Note: compared with T₀ in the same group, ^Δ indicates P < 0.05; compared with group A,^a indicates P > 0.05; compared with group A, ^b indicates P < 0.001.

T₀, before inducing anesthesia; T₁, 3 minutes post-laryngeal mask insertion; T₂, 5 minutes after the skin incision; T₃, 1 hour after the start of surgery; T₄, 2 hours after the start of surgery; T₅, immediately after surgery.
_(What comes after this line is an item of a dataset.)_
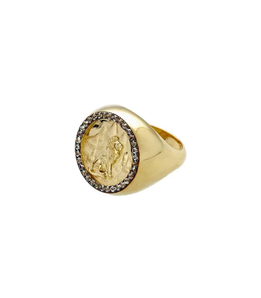Chevalière Lion Feidt Paris, De Forme Ronde En Or Jaune 9 Carats, Comprenant Un Symbolie Lion Gravé Au Centre, Entouré De 35 Saphirs Blancs. Une Pièce D’Une Rare Préciosité Qui Apportera Lumière Et Caractère À Vos Tenues.

P_aO₂, partial arterial oxygen pressure; CaO₂, arterial oxygen content; P_jvO₂, partial jugular vein oxygen pressure; S_jvO₂, jugular venous oxygen saturation; C_jvO₂, oxygen content of the internal jugular vein; D(a-jv) (O₂), arterial–jugular venous oxygen difference; CE (O₂), cerebral extraction of oxygen.

There were no significant differences in P_aO₂, CaO₂, P_jvO₂, S_jvO₂, C_jvO₂, D(a-jv) (O₂), and CE (O₂) between Group A and Group B at T₀ (Table 4). However, there were significant differences in S_jvO₂, C_jvO₂, D(a-jv) (O₂), and CE (O₂) between Group A and Group B at T₁, T₂, T₃, T₄, and T₅ (all P < 0.001; Table 4).